Additional Resources
References
- ↑ 1.0 1.1 1.2 1.3 22720432, in Find A Grave
[Includes headstone photo].
[Inscription: ANGUS GREME, Captain in the French Army under Lafayette in the American Revolution, Died June 11, 1800, Aged 50 years.]
- ↑ 2.0 2.1 Maryland Historical Society. Fund Publication. (Baltimore, Maryland: The Society)
No. 32, 1891.
Fund-Publication, No. 32. LA FAYETTE'S SECOND EXPEDITION TO VIRGINIA IN 1781. A Paper read before the Maryland Historical Society, June 14th, 1886. BY E.M. ALLEN. Baltimore, 1891. ----- p 16 - ... The names of all the aids of the division commanders do not appear. In the campaign, La Fayette had Majors George Washington (nephew of General Washington), Richard C. Anderson and Wm. Archibald, of Virginia, and Captain Angus Greme, an officer of the French Army. ...

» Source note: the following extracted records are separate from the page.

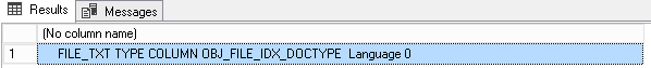 --USE <YourDb>; DECLARE @tsql NVARCHAR(MAX); DECLARE @LineFeed CHAR(2) = CHAR(13) + CHAR(10); SELECT @tsql = CASE WHEN LEN(@tsql) = 0 OR @tsql IS NULL THEN '' ELSE @tsql + ',' + @LineFeed END + ' ' + c.Name + ' TYPE COLUMN ' + refc.name + ' ' + ' Language ' + CONVERT(VARCHAR(10),language_id)+' ' + CASE WHEN fic.statistical_semantics = 1 THEN 'STATISTICAL_SEMANTICS ' ELSE '' END FROM sys.fulltext_index_columns fic INNER JOIN sys.columns as c ON c.object_id = fic.object_id AND c.column_id = fic.column_id INNER JOIN sys.columns as refc ON refc.object_id = fic.object_id AND refc.column_id = fic.type_column_id WHERE fic.object_id = @CurObjectId -- SELECT @tsql |
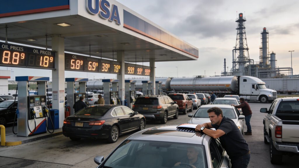 The war in Iran caused gas prices to go up a lot all over the United States. The average price of gas rose to almost $4 per gallon, which made things even harder for families who were already having trouble with rising living costs.
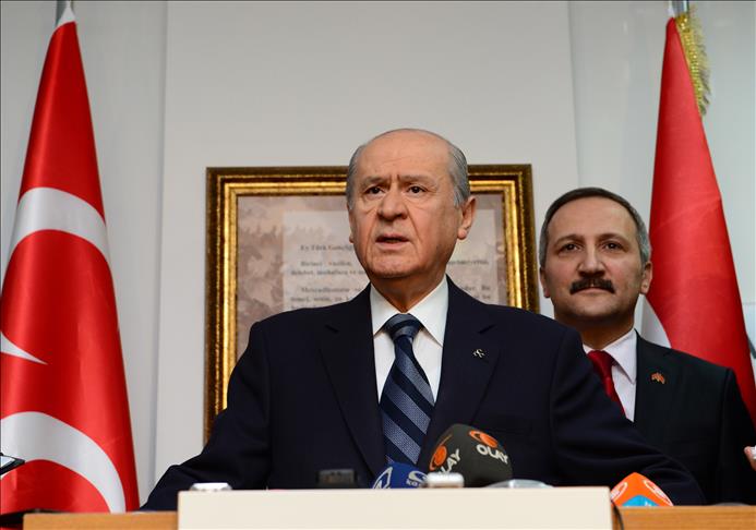 ''Terör lobisi, AKP'yi esir almış, kardeşliğimizi, birlikte yaşama irademizi ve vatanımızı fidye olarak istemiştir'' diyen Bahçeli, şunları kaydetti: ''Bölücü güruh Türk milliyetçiliğini zincirlemek ve Türklüğü silmek için AKP'nin takip edeceği yol haritasını kanlı kalemi ile çizmiştir. Başbakan Erdoğan bu tuzağa düşmüş, bu oyuna gelmiş ve bu sinsiliğin pençesine hapsolmuştur. Başbakan Erdoğan için tek amaç; başkan olabilmek ve saltanatını kurumsallaştırmaktır. Bunun dışındaki her şey ya önemsiz ya anlamsız ya da görmezden gelecek kadar değersizdir"
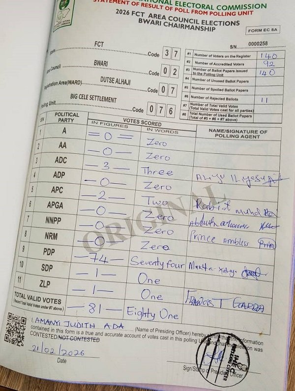 Stakeholders within the party said the outcome reinforces the PDP’s grassroots presence in parts of the FCT and may serve as a morale boost ahead of future electoral contests, including the 2027 general elections.
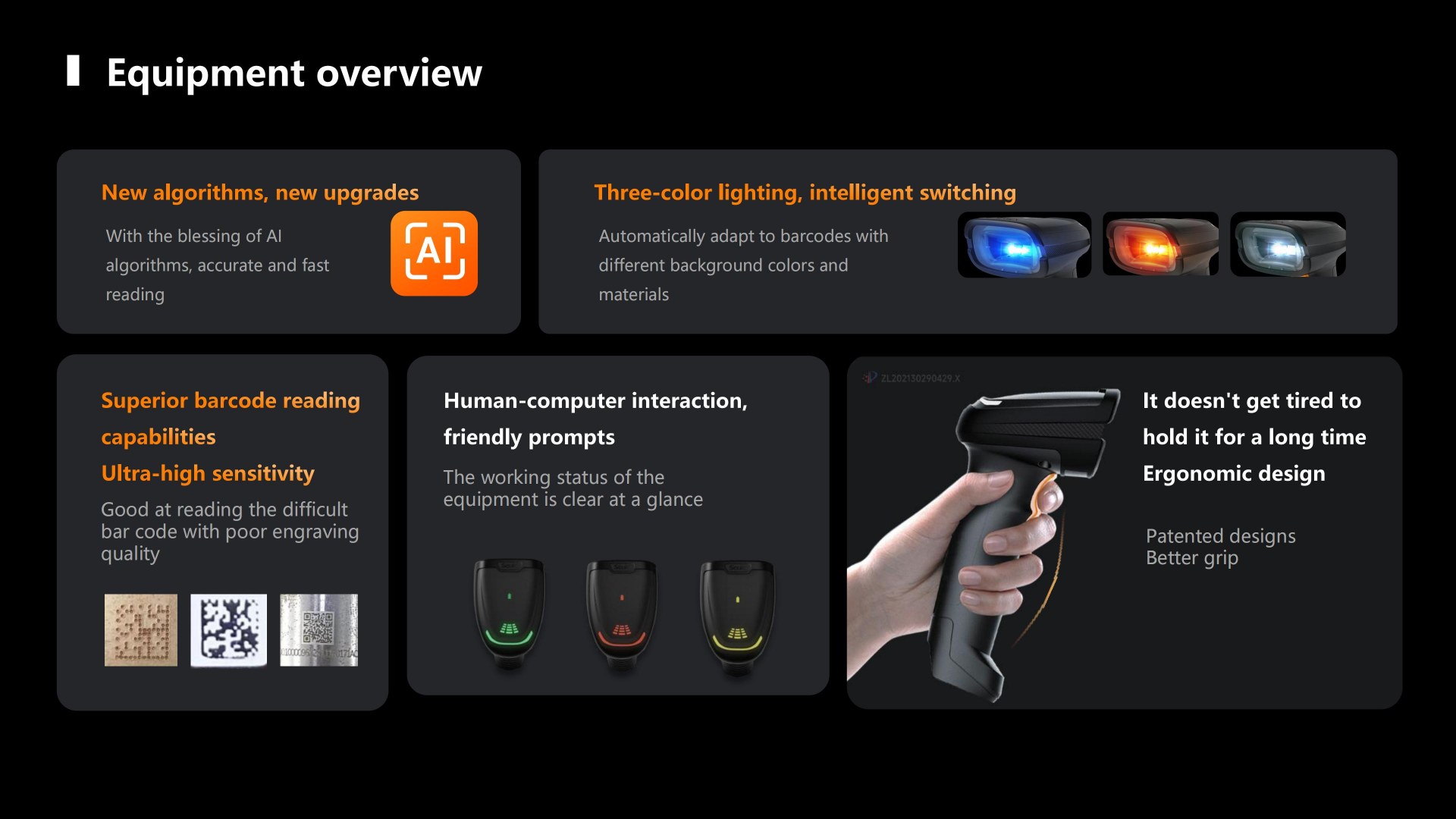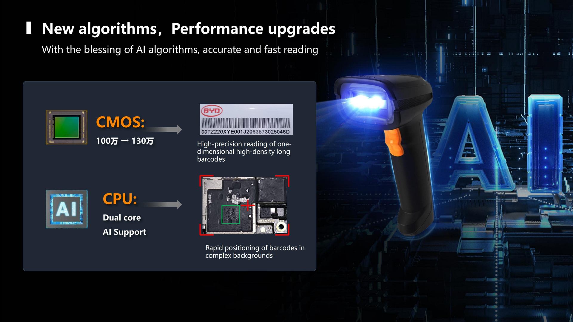 2. معالجة سريعة ثنائية النواة مع قدرة الذكاء الاصطناعي: لقد تحسنت وحدة المعالجة المركزية بشكل كبير من النواة الفردية السابقة إلى النواة المزدوجة، ومع قدرة فك التشفير 1.3 ميجا، يمكنها قراءة الباركود 1D الطويل عالي الكثافة، مع دعم الذكاء الاصطناعي الذي تم تدريبه من خلال أكثر من مائة ألف باركود، يمكنها التقاط الباركود بسرعة وفك تشفيره بدقة.
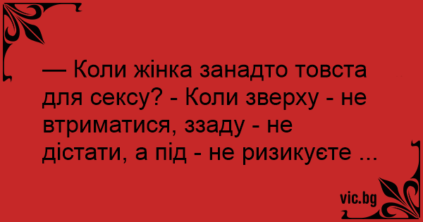 — Коли жінка занадто товста для сексу? - Коли зверху - не втриматися, ззаду - не дістати, а під - не ризикуєте ...
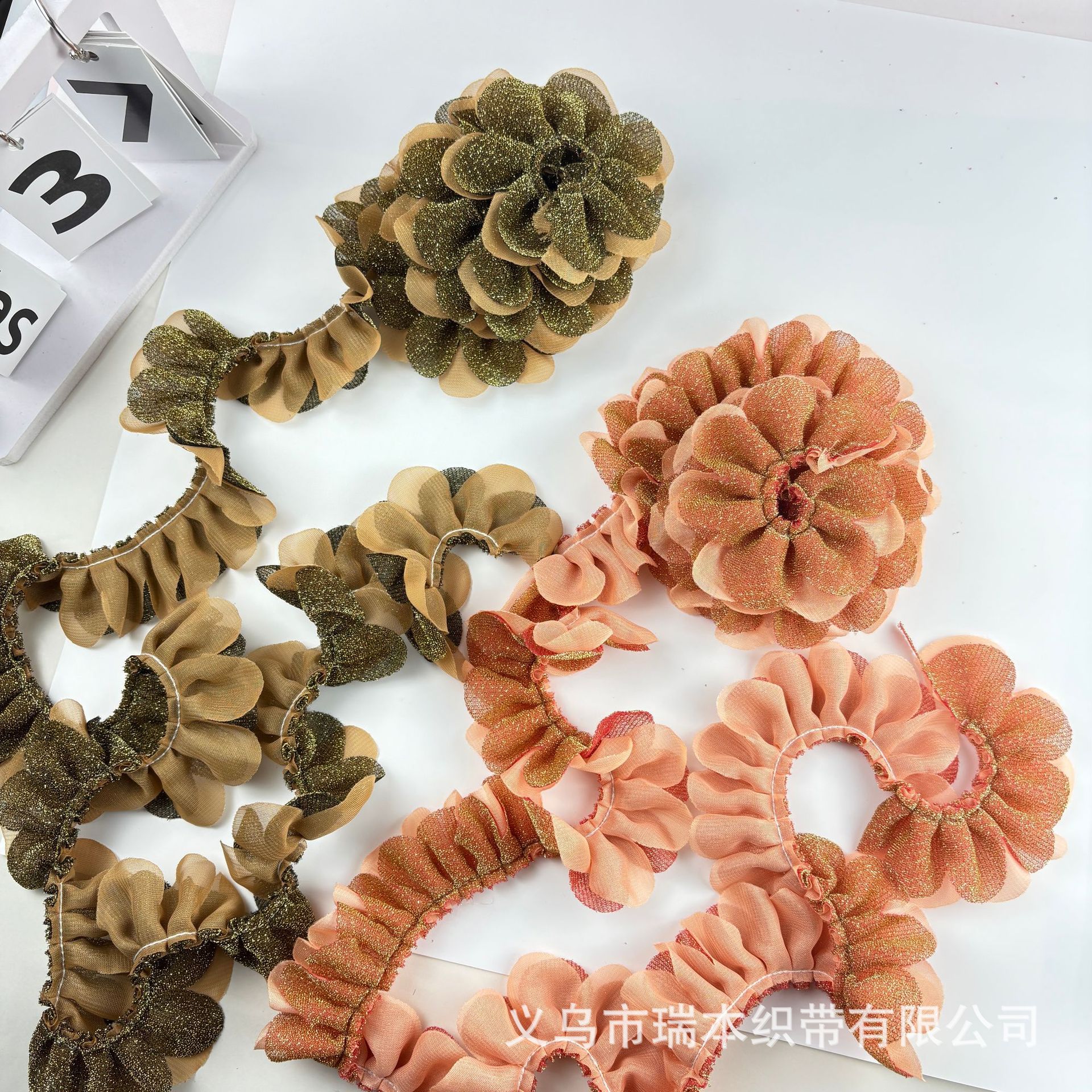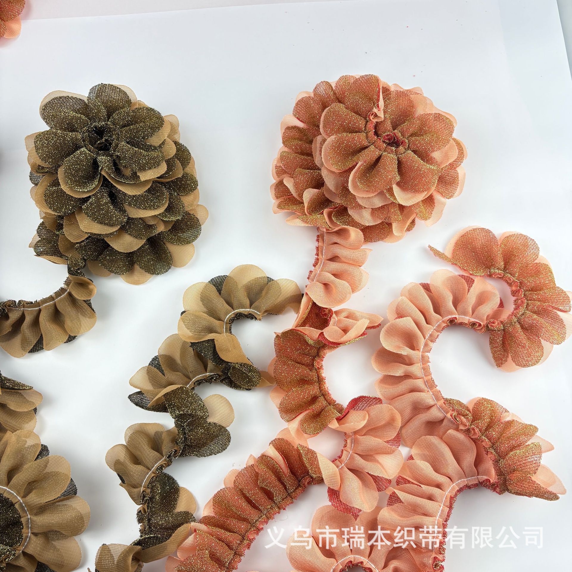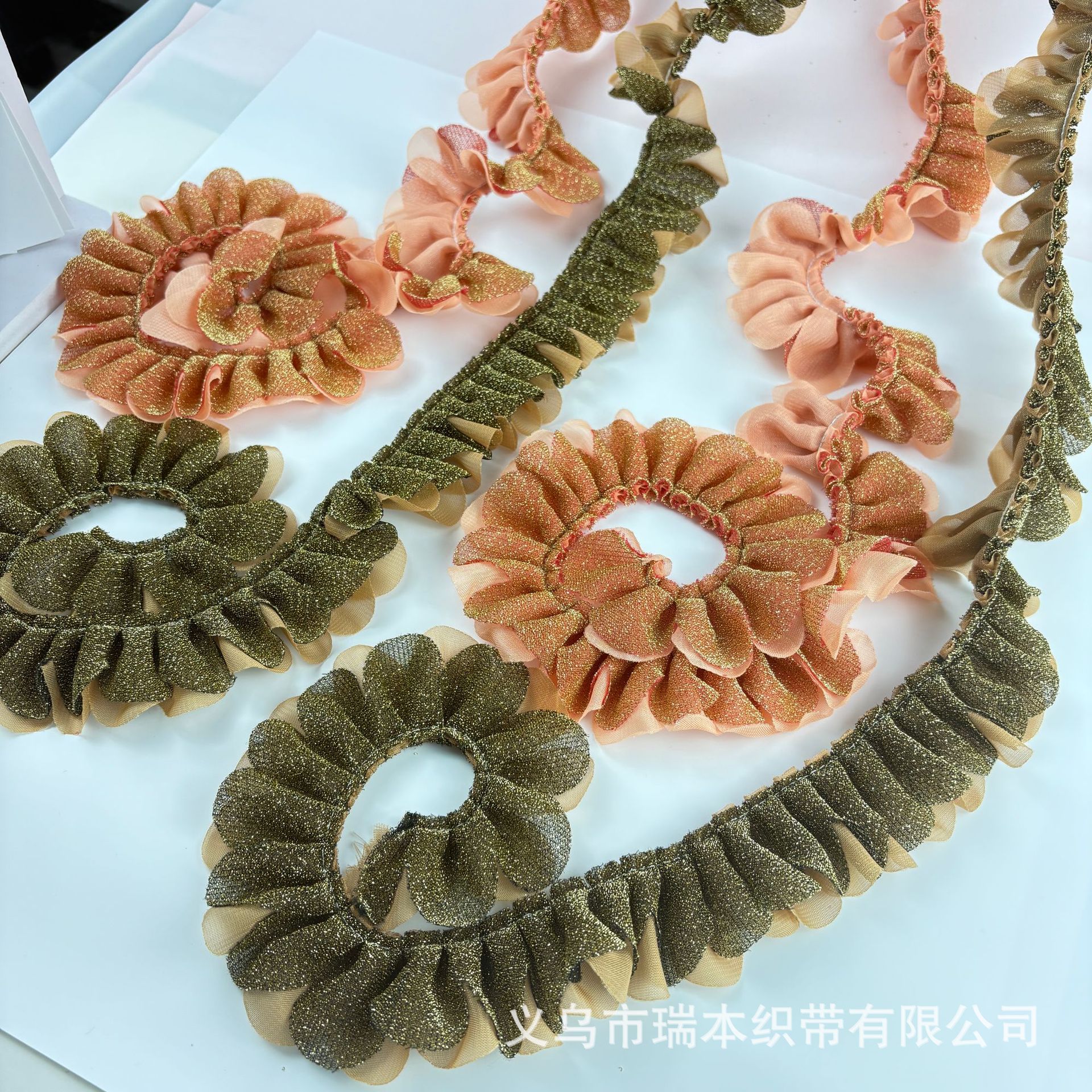 定制双层褶皱花边手纹点布艺波浪花朵织带饰品配件服装辅料 English | 投诉
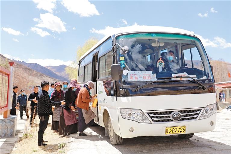 圖為山南市瓊結(jié)縣定時發(fā)車的農(nóng)村客運班車,讓群眾出行更方便更安全。
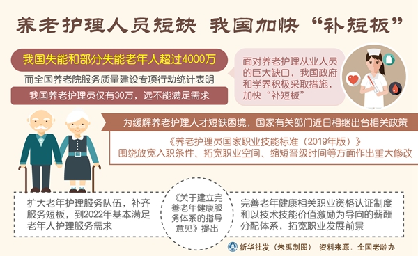 新華社北京11月5日電(記者田曉航)來自全國老齡辦的數(shù)據(jù)顯示,我國失能和部分失能老年人超過4000萬,而全國養(yǎng)老院服務質(zhì)量建設專項行動統(tǒng)計表明,我國養(yǎng)老護理員僅有30萬,遠不能滿足需求。面對養(yǎng)老護理從業(yè)人員的巨大缺口,我國政府和學界積極采取措施,加快“補短板”。
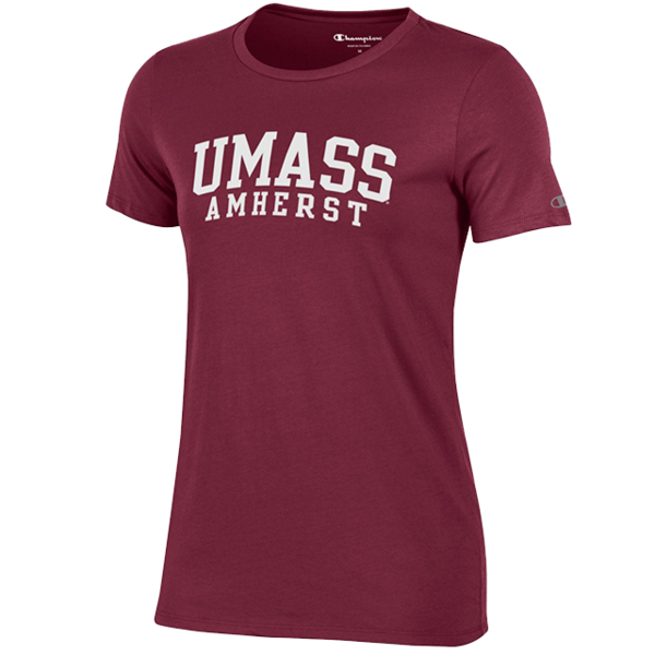 WOMEN'S UNIVERSITY SHORT SLEEVE CREW TEE - MAROON SKU 4000107 - XL BRAND: Champion $29.98 Quantity discounts available QuantityPrice (0)No Reviews yet This item is in stock Standard Sizes X-Large Size Chart Quantity -+ Add to Cart C6000-588 Details Women's short-sleeve tee in maroon featuring "UMass Amherst" printed on front.Material:52% Cotton48% PolyesterCareDetails Back DetailsWomen's short-sleeve tee in maroon featuring "UMass Amherst" printed on front.Material:52% Cotton48% PolyesterCare: Machine wash cold with like color. Use only non-chlorine bleach when needed. Tumble dry low. Low iron if needed. Ratings & ReviewsNo reviews availableBe the first to Write a Review

p 24 - ... La Fayette did not command Frenchmen in the war of the Revolution, as some believe, but when he was ordered to Virginia with his detachment, he asked and obtained leave to take with him Colonel Gimat and Captain Greme, French officers then with the French troops in the United States. A son of Captain Greme, who lived to a great age, and died in my house in 1880, has often related to me incidents connected with this march, told him by his father or family. ... Colonel Gimat and Captain Greme had long been soldiers together, and the sufferings and triumphs of their profession had united them in more than a common friendship. Gimat was a man of wealth, and death having robbed him in early life of her whose "witching smile" had caught his "youthful fancy," his chief aim was to seek some quiet spot, when wars alarms were past, where, in the company of his friend, he could be at peace. The two friends then and there agreed that when the war was over, they would return to France, and, after arranging their affairs, they would return to America, buy the property, now the beautiful home of Dr. Magraw, and there, "In the cool sequestered vale of life," Keep "the noiseless tenor of their way." They did go home to France, and they did return, and purchased the property which they had selected as the home of their old age. Gimat paid for it, and presented it to his friend, Greme, and they went back to France to make their final arrangements before leaving their old home forever. They looked forward to many years in which each might "Shoulder his crutch and show how fields were won." But "this world has no fulfilment [sic] for hopes that rise above it," and all their plans were frustrated. That mighty cyclone, I may call it, the French Revolution of 1789 came on. Napoleon Bonaparte, the mightiest of the race of man since Julius Caesar, appeared upon the scene. That wonderful man intoxicated the French people with grandeur of his aspirations, and the marvels of his career. Colonel Gimat and his friend, dazzled by the glory of France, and by the mighty achievements of her wonderful leader, deferred their return to America until peace and order should triumph over the horrors of the Revolutions.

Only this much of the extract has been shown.